Generally, writing isn’t something you start by drawing up a business plan.  Chances are you’ve already been writing.  You’ve found a form that you enjoy.  You’ve experimented with some things that didn’t work out.  You’ve thought about some other things that you haven’t yet touched.  You’re not starting from scratch.

So, take a look at your workload.  What projects have you done?  What projects are you doing?  What projects would you like do?  Think about where these activities might lead.

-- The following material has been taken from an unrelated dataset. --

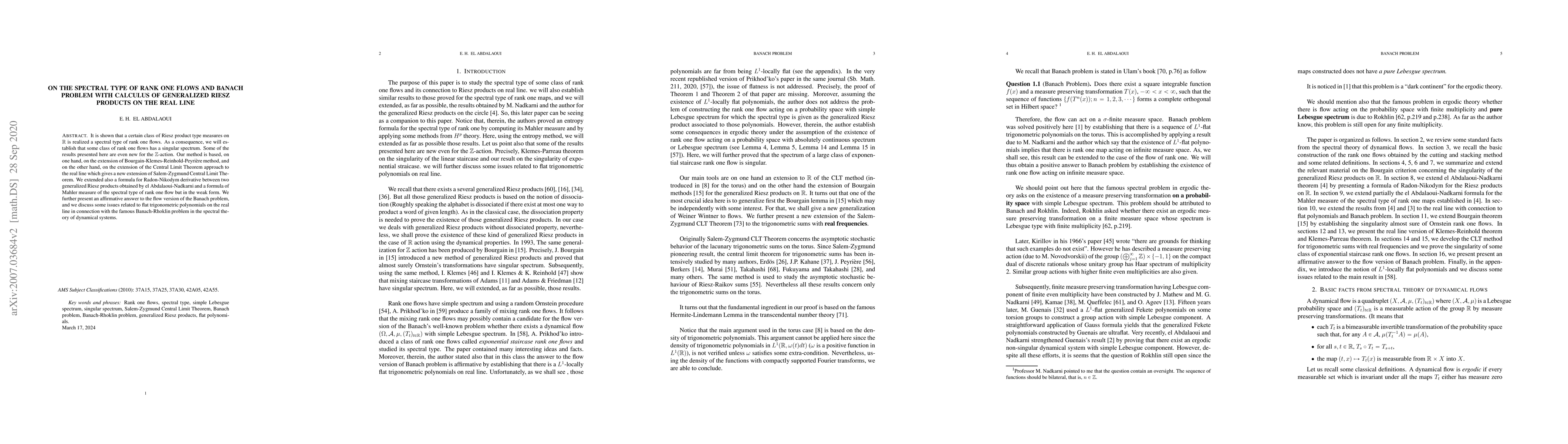 It is shown that a certain class of Riesz product type measures on $\mathbb{R}$ is realized a spectral type of rank one flows. As a consequence, we will establish that some class of rank one flows has a singular spectrum. Some of the results presented here are even new for the $\mathbb{Z}$-action. Our method is based, on one hand, on the extension of Bourgain-Klemes-Reinhold-Peyri\`ere method, and on the other hand, on the extension of the Central Limit Theorem approach to the real line which gives a new extension of Salem-Zygmund Central Limit Theorem. We extended also a formula for Radon-Nikodym derivative between two generalized Riesz products obtained by el Abdalaoui-Nadkarni and a formula of Mahler measure of the spectral type of rank one flow but in the weak form. We further present an affirmative answer to the flow version of the Banach problem, and we discuss some issues related to flat trigonometric polynomials on the real line in connection with the famous Banach-Rhoklin problem in the spectral theory of dynamical systems.

For example, I’ve been chipping away at this freelancing thing for awhile now.  I know I don’t like writing resumes or copy.  To be more accurate, I don’t like spending most of my work time trying to get clients, only to have 1/5 of my clients not pay me in full or not pay me at all.  There’s not enough love to compensate for the not enough money.  On the other hand, I do like writing articles.  I’ve written and published a small selection of articles for a variety of magazines.  I have ideas and interests and skills that will work for an even larger variety of magazines.  Some of these areas can pay very well—but not at my current level of exposure.  Others pay reasonably well at my current level, but they are markets I haven’t penetrated yet.  I have a small platform that can be strengthened and enlarged.  I can use my platform to build a readership for my autism-related work.  I can also use my platform to break into some new markets that will compensate me well enough to stop working the resume and copywriting angle.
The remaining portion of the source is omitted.